As expected we get a better mean absolute error. 

However, this process has been a bit tedious. We had to manually add all the features from the various transformers. We had to create the train-test split ourself. And we didn't even utilise proper cross-validation with multiple splits. If we had add more splits, it would be even more complex. 

And while we so far are only exploring historical data. How would we go about implementing the lag-and-rolling mean transformers for future games. To calculate future games, it would need to have acccess to the historical data as well which increases complexity. 

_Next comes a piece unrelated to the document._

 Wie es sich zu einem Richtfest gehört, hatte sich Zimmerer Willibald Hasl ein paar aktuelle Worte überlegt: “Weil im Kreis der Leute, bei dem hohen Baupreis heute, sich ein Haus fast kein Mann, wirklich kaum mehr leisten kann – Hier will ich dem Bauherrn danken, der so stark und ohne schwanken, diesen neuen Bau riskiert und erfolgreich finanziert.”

Luckily, the spforge Pipeline is designed to do all of these things with little input from the user.

In [None]:
from spforge import Pipeline, ColumnNames
from spforge.predictor import SklearnPredictor
#Reloading original dataframe to ensure we start all over from scratch
df = pd.read_parquet("data/game_player_subsample.parquet")
df['points_per_minute'] = df['points'] / df['minutes']
train = df[df['start_date']<=train_max_date]
test = df[df['start_date']>train_max_date]
column_names = ColumnNames(
    team_id="team_id",
    match_id="game_id",
    start_date="start_date",
    player_id="player_id"    
)
predictor = SklearnPredictor(estimator=LGBMRegressor(max_depth=4,verbose=-100), target='points')

pipeline = Pipeline(
    lag_transformers = [lag_transformer, rm_transformer_window5, rm_transformer_window10, rm_transformer_window20, rm_transformer_window40],
    predictor = predictor,
    column_names=column_names
)

pipeline.train(train)
test = pipeline.predict(test, cross_validation=True, return_features=True)
test.tail()

In [None]:
mae = mean_absolute_error(test['points'], test[pipeline.pred_column])
print(f"Mean absolute error Pipeline Model: {mae}")

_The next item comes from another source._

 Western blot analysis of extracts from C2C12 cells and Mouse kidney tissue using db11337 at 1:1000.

As seen below the same features are used by the LGBM Regressor

In [None]:
print(pipeline.predictor.features)

More experienced users of machine-learning may be aware that performing only a single train-test split is not the best practice. Ideally we perform cross_validation with multiple splits. 

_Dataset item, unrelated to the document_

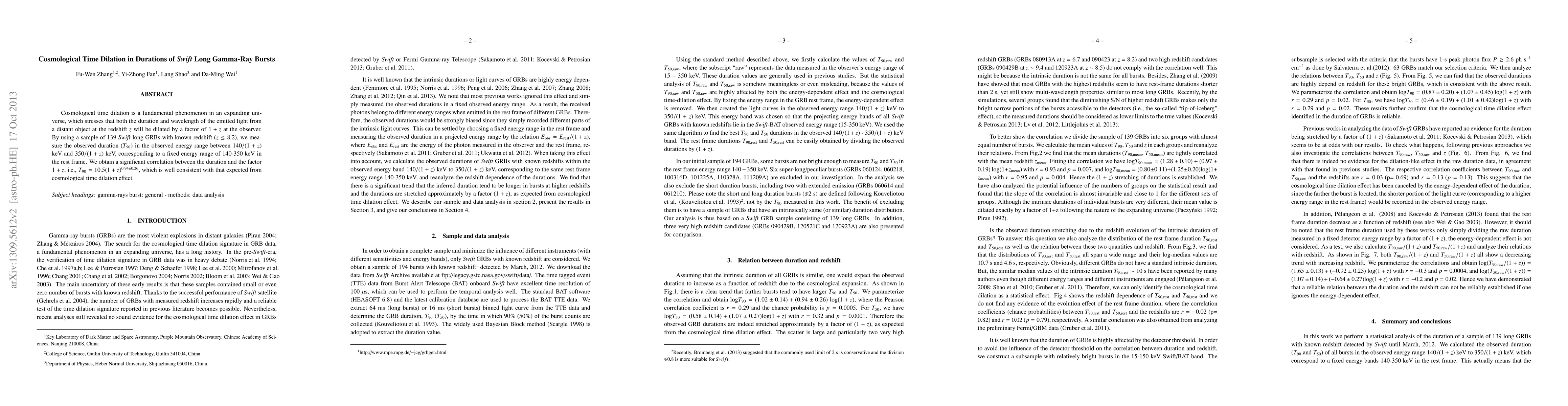 This study investigates the cosmological time dilation effect on the durations of 139 long gamma-ray bursts (GRBs) observed by the Swift satellite, finding a significant correlation between burst duration and redshift factor $1+z$. The results support the expected relationship $T_{90}=10.5(1+z)^{0.94\pm0.26}$.

spforge has support for that as well. 

In [None]:
from spforge.cross_validator import MatchKFoldCrossValidator

cross_validator = MatchKFoldCrossValidator(
    match_id_column_name='game_id',
    date_column_name='start_date',
    predictor = pipeline,
)
df = cross_validator.generate_validation_df(df,  add_train_prediction=True, return_features=True)
df.tail()

Note that we added a parameter to return predictions for the non-validated (training) data-split as well. There is a column is_validation that flags whether the predictions are from the non-validated predictions. 

Returning the non-validating predictions can be useful to evaluate difference between training data and validation data accuracy. But also in case where the prediction-output will be used as an input to another model.

To measure the cross-validated mean_absolute_error we need to import an Sklearn Scorer Wrapper. This wrapper will automatically filter out the training-data predictions.

In [None]:
from spforge.scorer import SklearnScorer
mean_absolute_scorer = SklearnScorer(pred_column=pipeline.pred_column, scorer_function=mean_absolute_error, target='points')
cross_validator.cross_validation_score(df, scorer=mean_absolute_scorer )

Some readers may think: But what about the opponent? So far we only evaluated using the players own historical stats. But if a player is facing a strong team chances are he will score fewer points. 

There are a few ways we can handle that. The simplest approach is to add the opponent as a categorical feature. 
Because we already calculated the lag-and-rolling-mean features we don't need to recalculate them. Because the pipeline has the same methods as a normal predictor, any predictor type can also be passed into MatchKFoldCrossValidator instead of the pipeline.

Instead we need to the opponent as a categorical feature along with the features generated by the pipeline. 
We also set convert_cat_features_to_cat_dtype to True. This ensures non-numeric features are converted to categorical.

In [None]:
predictor_cat_feats = SklearnPredictor(estimator=LGBMRegressor(max_depth=4,verbose=-100), target='points', features = ['team_id_opponent',*pipeline.features], 
                                       convert_cat_features_to_cat_dtype=True)

cross_validator_cat_feats = MatchKFoldCrossValidator(
    match_id_column_name='game_id',
    date_column_name='start_date',
    predictor = predictor_cat_feats,
)
df = cross_validator_cat_feats.generate_validation_df(df,  add_train_prediction=True)
cross_validator_cat_feats.cross_validation_score(df, scorer=mean_absolute_scorer )

This shows a small improvement. There are definitely better and more dynamic ways to take into account opponent. Rating Models are one way of doing that, but it's beyond the scope of this guide. 

Finally, let's assume we have a future match which we want to generate predictions for. So far we only performed cross-validation, but we never trained the pipline on the entire dataset. 


In [None]:
final_predictor = SklearnPredictor(estimator=LGBMRegressor(max_depth=4,verbose=-100), target='points', features = ['team_id_opponent'], 
                                       convert_cat_features_to_cat_dtype=True)
final_pipeline = Pipeline(
    lag_transformers = [lag_transformer, rm_transformer_window5, rm_transformer_window10, rm_transformer_window20, rm_transformer_window40],
    predictor = final_predictor,
    column_names=column_names
)

final_pipeline.train(df)


In [None]:
team_id_1= df['team_id'].iloc[0]
team_id_2= df['team_id_opponent'].iloc[1]
player_id_stephen_curry = df[df['player_name']=='Stephen Curry']['player_id'].iloc[1]
player_id_jayson_tatum = df[df['player_name']=='Jayson Tatum']['player_id'].iloc[1]
player_id_kevin_durant = df[df['player_name']=='Kevin Durant']['player_id'].iloc[1]
player_id_trae_young = df[df['player_name']=='Trae Young']['player_id'].iloc[1]
future_game = pd.DataFrame(
    {
        "game_id": ["99999"]* 4,
        "start_date": [pd.to_datetime(df['start_date'].max()) + pd.Timedelta(days=1)]*4,
        'team_id': [team_id_1, team_id_1, team_id_2, team_id_2 ],
        'team_id_opponent': [team_id_2, team_id_2, team_id_1, team_id_1 ],
        'player_id': [player_id_stephen_curry, player_id_jayson_tatum, player_id_kevin_durant, player_id_trae_young],
        'player_name':['Stephen Curry', 'Jayson Tatum', 'Kevin Durant', 'Trae Young']
    }
)
future_game.head()
final_pipeline.predict(future_game, return_features=True).head()[['player_name', final_pipeline.pred_column]]


The above example is obviously a nonsensical 2x2 match. The model knows nothing about the team-mates nor the amount of players on the opposing team. Thus it will generate pretty naive predictions that assumes a "normal" game.